Changing \mathbf{w} rotates the boundary; changing b shifts it. Normalized distance to the boundary is a margin.

# Plot average trousers
d2l.plt.imshow(tf.reshape(ave_1, (28, 28)), cmap='Greys')
d2l.plt.show()

# Print test set accuracy with eyeballed threshold
w = tf.transpose(ave_1 - ave_0)
predictions = tf.reduce_sum(X_test * tf.nest.flatten(w), axis=0) > -1500000

# Accuracy
tf.reduce_mean(
    tf.cast(tf.cast(predictions, y_test.dtype) == y_test, tf.float32))
<tf.Tensor: shape=(), dtype=float32, numpy=0.0>

Invertibility and determinant

Square matrices are invertible iff they don’t collapse volumes. The determinant measures the signed volume scale factor:

M = tf.constant([[1, 2], [1, 4]], dtype=tf.float32)
M_inv = tf.constant([[2, -1], [-0.5, 0.5]])
tf.matmul(M_inv, M)
<tf.Tensor: shape=(2, 2), dtype=float32, numpy=
array([[1., 0.],
       [0., 1.]], dtype=float32)>
tf.linalg.det(tf.constant([[1, -1], [2, 3]], dtype=tf.float32))
<tf.Tensor: shape=(), dtype=float32, numpy=5.0>

In code

Translate all of this into NumPy / PyTorch:

# Define tensors
B = tf.constant([[[1, 2, 3], [4, 5, 6]], [[7, 8, 9], [10, 11, 12]]])
A = tf.constant([[1, 2], [3, 4]])
v = tf.constant([1, 2])

# Print out the shapes
A.shape, B.shape, v.shape
(TensorShape([2, 2]), TensorShape([2, 2, 3]), TensorShape([2]))
# Reimplement matrix multiplication
tf.einsum("ij, j -> i", A, v), tf.matmul(A, tf.reshape(v, (2, 1)))
(<tf.Tensor: shape=(2,), dtype=int32, numpy=array([ 5, 11], dtype=int32)>,
 <tf.Tensor: shape=(2, 1), dtype=int32, numpy=
 array([[ 5],
        [11]], dtype=int32)>)

In code (cont.)

These final snippets connect the geometric ideas to the actual linear-algebra APIs for norms, determinants, and inverses.
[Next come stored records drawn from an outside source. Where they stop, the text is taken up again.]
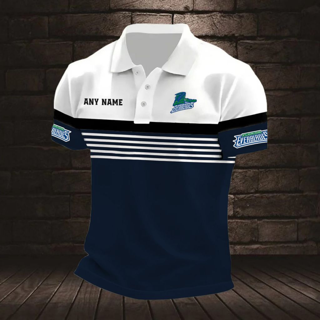 ECHL Florida Everblades Personalized Name Stripped Multi Color Polo Design ST2501
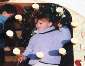 Découper une photo en 6.5 x 10.5 cm et arrondir les coins. La
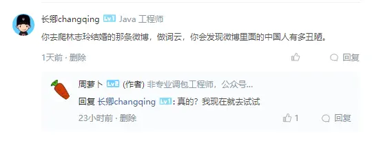 其实拿到评论数据之后,简单浏览了下,确实有很多难以启齿的评论,但是呢,这个事情我觉得还是没有必要太上纲上线了,哈哈哈,总之祝福吧
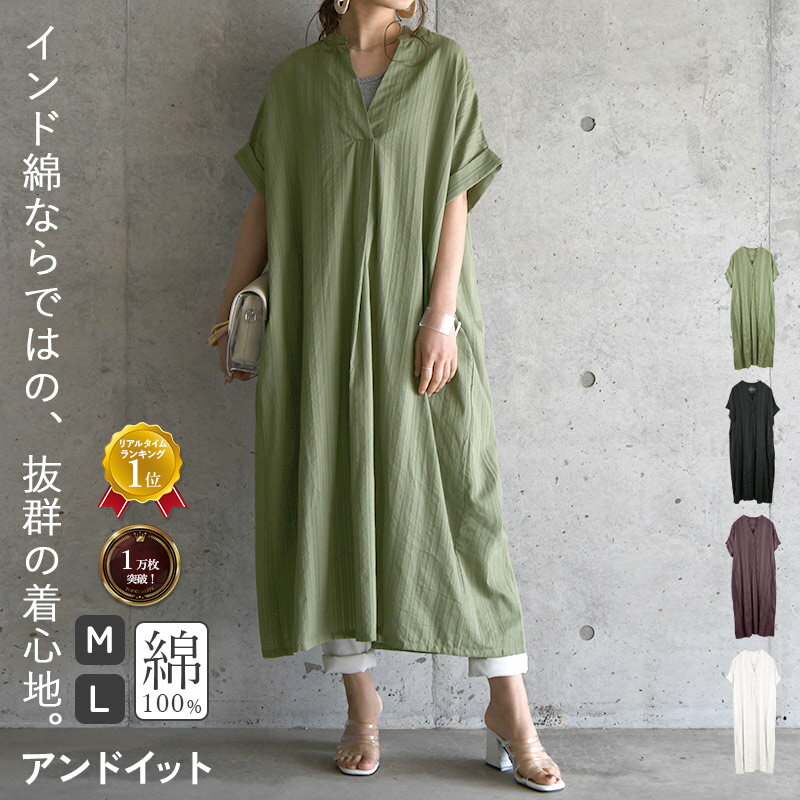 【最大5000円OFFクーポン! 2/10まで】 インド綿 ストライプ ワンピース レディース ナチュラル 夏 とにかく 涼しい 薄手 半袖 ゆったり 綿100% コットン 大人かわいい おしゃれ ロング 5分袖 低身長 前開き 部屋着 二の腕カバー 旅行 海外 ビーチ リゾート 30代 40代 50代

tf.einsum("ijk, il, j -> kl", B, A, v)
<tf.Tensor: shape=(3, 2), dtype=int32, numpy=
array([[ 90, 126],
       [102, 144],
       [114, 162]], dtype=int32)>
# TensorFlow does not support this type of notation.

Recap

  • Vectors as directions; dot products = cosine similarity; matrices = linear maps; determinant = volume scale.
  • Hyperplanes are the decision-boundary primitive of every linear classifier and every linear layer.
  • These geometric pictures keep being useful all the way up to attention and high-dim embeddings.